CDC Wanted A Mask Mandate For Planes, Trains, And Buses But Mike Pence Killed It
Credit: Screenshot
October 12, 2020

There are points in the story of handling COVID-19 where the Trump White House appears to be merely incompetent. Points where newspapers pull out the word “bungled,” and broadcasters tsk-tsk regretfully over opportunities lost. However, there are also moments when the nation is forcefully reminded that Donald Trump did not bungle the federal response to the coronavirus pandemic; he stood down that response deliberately, making a conscious choice to back away from providing testing, contact tracing, or any federal restrictions. He did so because he thought it would be politically expedient to allow more people to die, then blame their deaths on others. That wasn’t an accident. That was the plan.

Friday evening brought a fresh reminder of that fact as The New York Times reported that in September, the Centers for Disease Control and Prevention prepared a response to rising cases of COVID-19 across the nation, and to fresh evidence that the virus is particularly dangerous inside the kind of tight quarters involved in most forms of transportation. That order would have required both passengers and crew on planes, buses, and trains across the nation to wear masks. Right now, both the rules and the enforcement are left to individual localities or companies, resulting in frequent arguments, delays that endanger an already fragile transportation system, and Republican politicians smugly baring their faces mid-flight.

But even though the mask mandate was limited to transportation, and had the support of not just the CDC but other experts on the Coronavirus Task Force, “Mike Pence declined to even discuss it.”

Pence understands that his role at the head of the task force is to stop anything from happening. He’s performed that role well.

Instead, a task force official indicated that any decision on masks would be left up to state and local officials. Which is exactly the kind of ridiculous system that has left airlines and Amtrak attempting to police unruly Trump supporters set on flouting company regulations. Are passengers on a plane passing over a state with a mask mandate required to don them? If they fly over a state where the governor refuses to issue such a mandate, can they take them off? The transient natural of any transportation is exactly why interstate trains, buses, and planes are regulated at the federal level.

The argument might just as well be made that each state should set up its own FAA and develop its own set of safety guidelines. Though … Republicans might actually support that proposition.

In insisting that the decision on masks mandates be left up to localities, the unnamed task force official made another of those unintentionally ironic statements by claiming that the approach taken “in New York City is different than Montana, or Tuscaloosa, Alabama.” And that local officials know best how the pandemic is affecting their areas.

First, it’s worth noting that both Alabama and Montana are seeing much more rapid growth of COVID-19 cases than New York. Alabama already has a higher number of cases per population, and a much higher number of currently active cases than New York. Both Alabama and Montana are currently showing over 10% positive rates on testing. New York is showing 1.2%. If state and local officials were actually responding to the level of threat in their area, both Alabama and Montana would have applied restrictions at least as great as those in force for New York by this point. They haven’t. Because state and local officials in Republican states are not responding to the level of threat. They’re responding to the signals from Trump that tell them not to respond.

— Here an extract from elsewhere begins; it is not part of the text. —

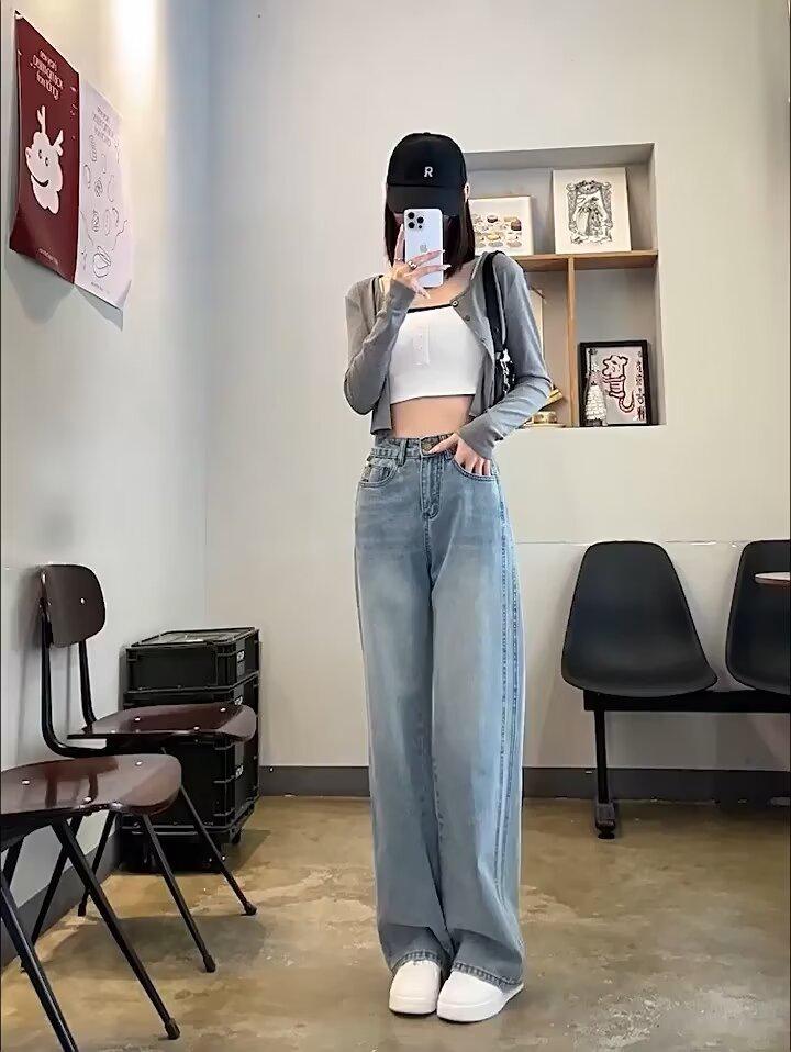Эти джинсы с высокой посадкой и широкими штанинами светло-голубого цвета придадут стильный и современный вид любому гардеробу.. Джинсы, изготовленные из премиального денима, имеют высокую посадку, которая подчеркивает ваш силуэт и обеспечивает удобную посадку.. Спортивный стиль дополнен практичными карманами, сочетая в себе моду и функциональность.. Эти джинсы прямого кроя длиной до пола станут универсальным дополнением к вашей коллекции, идеально подходящим для любого повседневного или непринужденного выхода.

Second, a train crossing the nation from one coast to another is not defined by the level of virus activity at any point along the line. It’s defined by the level of infection on the train. By the level of virus among passengers confined to small areas with limited circulation for long hours. The same thing applies to buses. And to planes. Even if those vehicles are passing through, or arriving, at a location where the level of new cases is low, it doesn’t matter if the transport itself is a moving superspreader event.

But of course, not just ignoring the outbreak, but demeaning the CDC has become standard operations at the Trump White House. They’ve overruled directives emerging from the agency repeatedly, even going so far as to have a pair of HHS officials directly alter CDC guidelines on testing to suggest that people who have been exposed don’t need to be tested unless they also exhibit symptoms.

It’s all part of why the United States topped 60,000 new cases on Friday—the highest value since early August—and why the level of COVID-19 deaths continues to average over 900 Americans a day.

Republished with permission from Daily Kos.